I guarded the space religiously, with a sign at the bar entrance which said PRIVATE EVENT, and allowed no older people in the bar, which I avoided myself, as an Old Person, reserving my involvement to teaching Golf Croquet on the adjacent half courts for whoever wanted some instruction. The "pat-and chat" game is, of course, an ideal environment for getting acquainted with a potential date, as well as for networking for business. So I low-keyed the instruction, limiting myself to the basic strokes and the rules, keeping myself unobtrusively available to answer questions.

Does this not sound like a brilliant plan? It was, but get this: The event was ended after only 14 weeks by the local "committee" of bigwigs who believed they should manage the club following Chuck Steuber's stroke about 30 months earlier, and who agreed with the "regular members" who said it wasn't "fair" to have the bar open on Tuesday and not allow them to come, too.

I protested and said that if we did that, the event would instantly die. I love being a prophet, and who doesn't want events to prove them instantly "right," but I hated it when after only one week, nobody came on Tuesday night except Old People who apparently wanted to be around young people, even though they had nothing in common with them.

The Five to Niners came for the last time, saw the old people at the bar, and decided to go to another bar after office hours. The ten or so thirty-something NCC members disappeared forever. (Incidentally, the Tuesday evening at the bar ended, too, because most Old People don't like to drive after sundown, so it was no longer financially viable.)

This is a factual story, but I invite you to understand it as a parable that may apply to you and your club.

What I have learned in my aged wisdom is that local croquet clubs in their committees tend not to acknowledge that the people who make the rules can change them at any time. They can adjust the prices and privileges of all their membership categories appropriate to current circumstances, to create and sustain viable development ensuring the continued health of the local club as well as the national organization.

Today will not last forever!

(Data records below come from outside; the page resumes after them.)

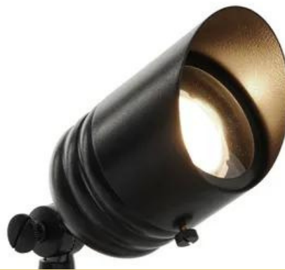
VOLT® G2 Fat Boy Brass Spotlight (Black)

We combined the best features of our most popular spotlights into one premium fixture that features a compact body with fins designed to draw heat away from the LED lamp. Blending performance and durability, this fixture is a designer's dream.
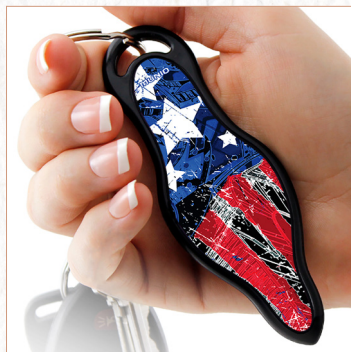
DESIGN: Urban Patriot SKU: 006-UP
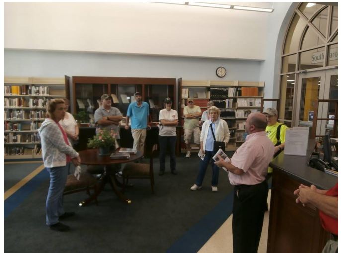
Inside the South Carolina Room at the Florence County Library
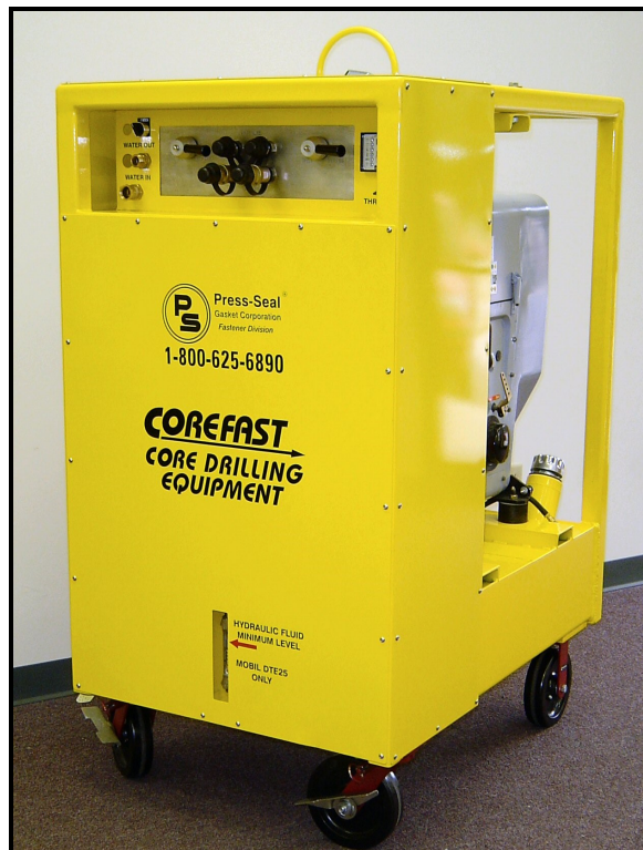
Shown Below: Corefast DPU-35

ALSO AVAILABLE: Power plants as large as 100 HP with up to 4 independent hydraulic circuits.
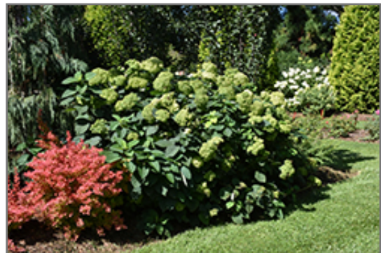
Invincibelle Sublime Smooth Hydrangea in bloom
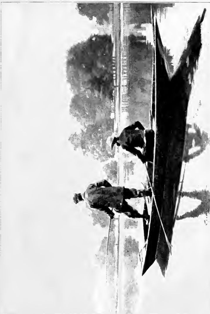
TYPICAL ENGLISH PARK WATER
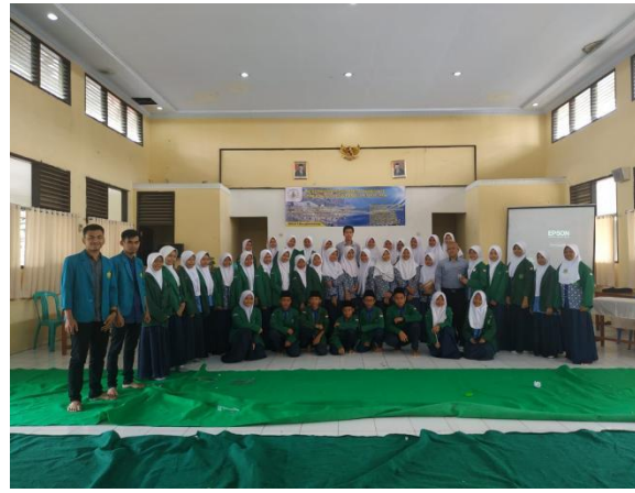
Photo of Faletihan and Student Council Students and the School Health Cadre Team
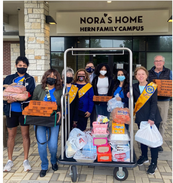
LADY LIONS DROPPING OFF DINNER
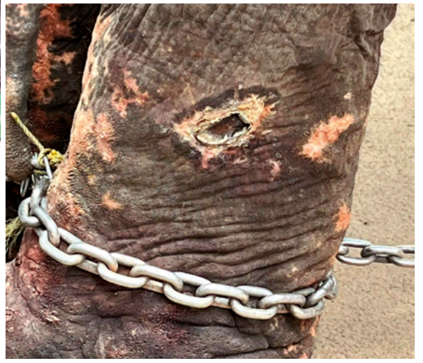
All pictures are taken during Thrissur Pooram. The ankush-it has a sharp spike fitted to a wooden handle-is a banned iron goad. But it is used extensively in all festival parades in Kerala with the tacit support of the state government.

Elephant Director directed all Chief Wildlife Wardens to ensure that the post mortem of every deceased elephant must be conducted by a team of 3 veterinarians, in the presence of 3 wildlife enthusiasts having good work records, the only state which has failed to implement it is Kerala. Meanwhile, during the first 9 months of 2023 the total number of captive elephants increased by 22.
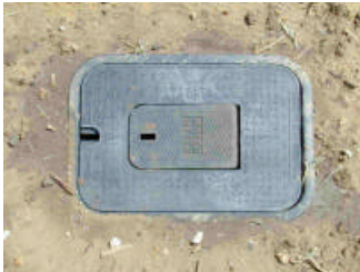
Plastic Pit w. plastic cover and metal lid
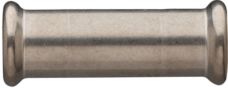
Manguito de paso H/H.
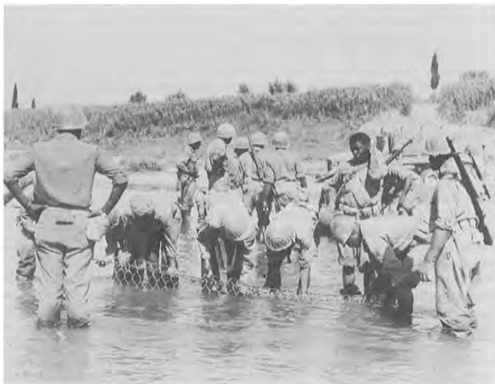
92D DIVISION ENGINEERS PREPARE A FORD FOR ARNO RIVER TRAFFIC

in the 25th Infantry, singled out the "continuous dissension and suspicion characterizing the relations between white and colored officers of the division." All tended to stress what they considered inadequate jungle training, and, like many white observers, they all agreed the combat period was too brief to demonstrate the division's developing ability. 40
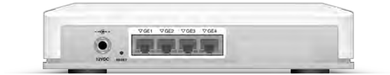
VeloCloud Edge 510
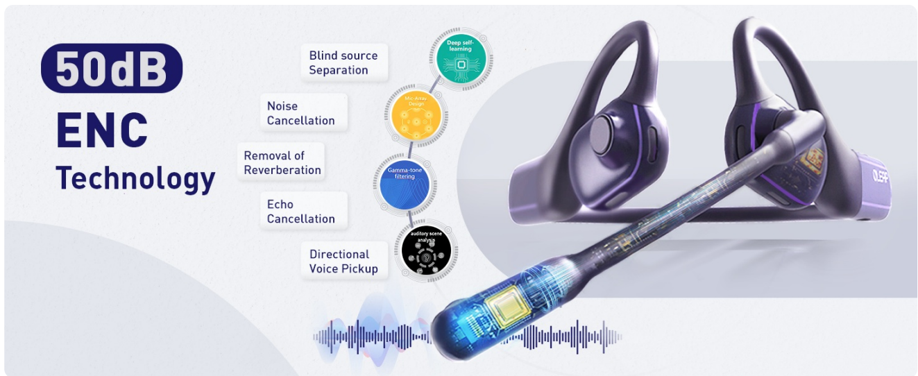
Figure 3.2: The 50dB ENC technology actively reduces background noise for clearer calls.

Video 3.1: This video demonstrates the microphone's noise-canceling capabilities of the OLEAP Pilot headset in a noisy environment.

You can acknowledge that your club membership is getting older in tandem with your own aging, and you can intervene to alter the course of the predictable decline of the organism, either biological or organizational.

Few if any croquet clubs have the benefit of the extraordinarily appealing environment of the bar and lounge at the National Croquet Center, but many could devise ways to encourage peer-group interaction of younger "working" people on their lawns: but only if you make sure to protect them from Old People!

The first part of this article is a slightly-edited version of one that appeared in the Croquet Foundation of America's MONOGRAPH SERIES ON CLUB BUILDING, ORGANIZATION, AND MANAGEMENT, published in 1994. The Postscripts are newly digitized by Bob Alman, whose Old Person credentials are unquestioned at the age of 78.